Now exposed, the hill looked like a wasteland. The ground was hard, rocky, and neglected, and the physical labor was tough. With weeds already trying to spring back up, the couple was in a race to replace the plants and maintain the integrity of the hill—all the while working, looking after their son and daughter, and homeschooling.
Halfway through the project, Taylor Koutroumbis became overwhelmed by the task that seemed never-ending. But the couple dug in their heels, and carried on.
“My husband is really the hero here,” she said. “He had a vision for where things would go and made it work, even when it seemed impossible. We make a good team.”
One of the first things they did, after treating the weeds and mulching the land, was tree shopping.
The Garden Becomes a Classroom
One of the real beauties of the living, breathing project is the effect it’s had on their children, especially on Christopher, who was just 2 years old when the work started.“Our kids have been involved in the project since day one,“ Taylor Koutroumbis said. ”They were the inspiration for it, and they loved every minute of the process. Kids love being outside, getting dirty, and doing real hands-on things.”
The Koutroumbises set up a little “mud kitchen” outside for the children to play in while they worked, and the garden became a classroom, with plenty of small jobs for them to do. Together, they watched butterflies emerge, caught lizards, and even saved an injured hummingbird one day.
“They must have ruined every bit of clothing that they had that first year, playing in the mud and digging holes and climbing around on the hill like wild people,“ Koutroumbis said. ”It was a really nice escape from the pandemic for my daughter, especially, because she didn’t have to think about all of the things that had changed or that were lost for her.
“She wasn’t so depressed, missing her play groups and friends and all of the things we used to do outside of the house, because we were suddenly doing this amazing thing all together.”
Fruit and Flower Bonanza
Two years on, their harvest is bountiful. More than 20 avocado trees bless the hillside next to the fruiting olives, an abundance of vines, and “tons of citrus,” including sweet limes, Bearss limes, pixie tangerines, and white grapefruit.Then there’s more fruit: two varieties of mango, passion fruit, an endangered fruit called a mamey, three types of mulberries, jaboticabas, nopal cactus (which makes delicious cactus fruits all summer long), pomegranates, persimmons, peaches, plums, figs, bananas, and the list goes on.
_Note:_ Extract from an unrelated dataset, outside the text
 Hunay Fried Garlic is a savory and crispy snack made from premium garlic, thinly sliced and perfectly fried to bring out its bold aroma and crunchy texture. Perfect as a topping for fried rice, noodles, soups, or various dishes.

A smaller garden space holds tomatoes, greens, a variety of vegetables, and a ton of herbs.
This year, Taylor started focusing her attention on cultivating flowers, which she uses to decorate the family’s home.
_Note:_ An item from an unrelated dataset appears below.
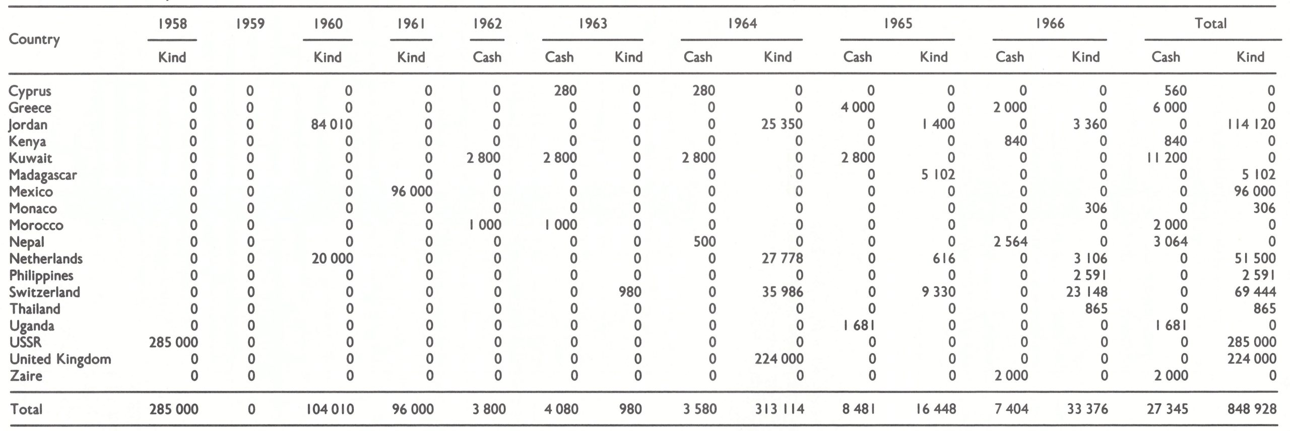 Voluntary contributions to the programme during 1966 continued to reflect the general lack of interest among donors. Apart from vaccine donated by Switzerland, contributions in cash and in kind from Greece, Jordan, Kenya, Monaco, Nepal, the Netherlands, the Philippines, Thailand and Zaire were valued at only US4117 632.

“I was shocked to learn that most of the commercially sold flowers are actually grown overseas and shipped in,” she said. “Flowers are expensive and not really sustainable when they’re grown like that. So I started growing my own.”
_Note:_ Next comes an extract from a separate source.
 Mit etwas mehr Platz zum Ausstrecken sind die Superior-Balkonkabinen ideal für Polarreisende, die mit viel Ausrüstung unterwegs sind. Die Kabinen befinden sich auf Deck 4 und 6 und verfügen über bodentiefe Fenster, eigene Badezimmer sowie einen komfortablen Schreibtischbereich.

It’s safe to say that their neighbors, who once “despised the house,” are now much more appreciative. The family shares their fruits and veggies with them, and with anyone who comes by.
“Our neighbors have become a lot friendlier these days,” Taylor Koutroumbis said. “Our house is no longer the tragedy of the neighborhood, so that’s nice. The yard is so peaceful. It’s like a little escape. It is really just a neighborhood home with a large yard, but anyone who comes over can feel it. There is peace amongst the plants.”
She stresses she doesn’t want to give the impression that she has some kind of “super green thumb.”
“Anyone can do this,” she said. “Anyone can garden—no formal education required.”